How can you avoid this? Well, just like the megapixel race, you really can’t. Video recording devices are simply going to overdo it the way still cameras overdid it, and now we all have hundreds or thousands of dubious images which despite being 10 or 15 megapixels, if you look closely or print too big, have all kinds of weird artifacts in them. It’ll be the same for video. You can choose to record at a lower resolution; 720p (often even VGA/640×480) is just fine, after all, and may even record at the same bitrate, meaning better image quality. And actually look at the lenses on the cameras you buy. Lenses that are bigger across are (generally speaking) better, and every lens has its F numbers printed on it or on its spec sheet. If you’re trying to decide between a few cameras, look at their lenses: if one device maker is shirking on the lens, arguably the most important part of the camera, then you can be sure they shirked elsewhere too. Lastly, don’t buy anything that shoots in 1080i. Interlacing is a monster deserving of its own post.

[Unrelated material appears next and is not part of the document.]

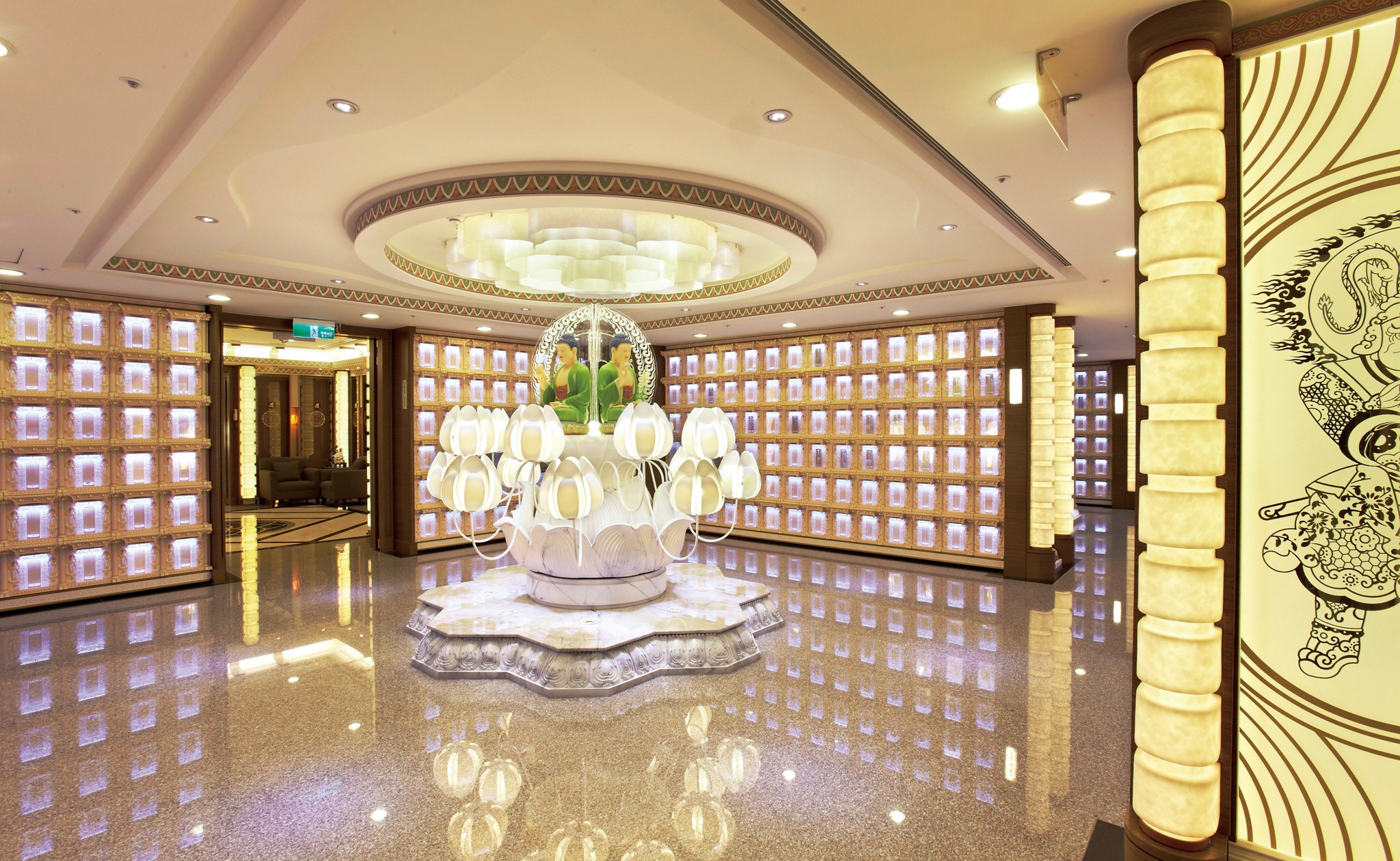 參考「太和殿」之設計,以帝王之居為理念,並融入「藥師琉璃光佛」於其中,透過LED燈與大量的琉璃裝飾,使塔位呈現潔淨澄透的瑰麗氣派,使先人享有如同住在皇殿般的無上尊榮。

I’d like to say that my issue with inflated video resolutions (and megapixels) is something that will be alleviated by the passage of time, like some of Ebert’s objections to 3D. But the cost of good optics isn’t really coming down, and really, the size of the lens is a physical barrier not likely to be surmounted any time soon. The methods we have for collecting and measuring light aren’t sufficient, and the improvements yet to be made for them will do nothing to help the fact that with bad components, it’s garbage in, garbage out.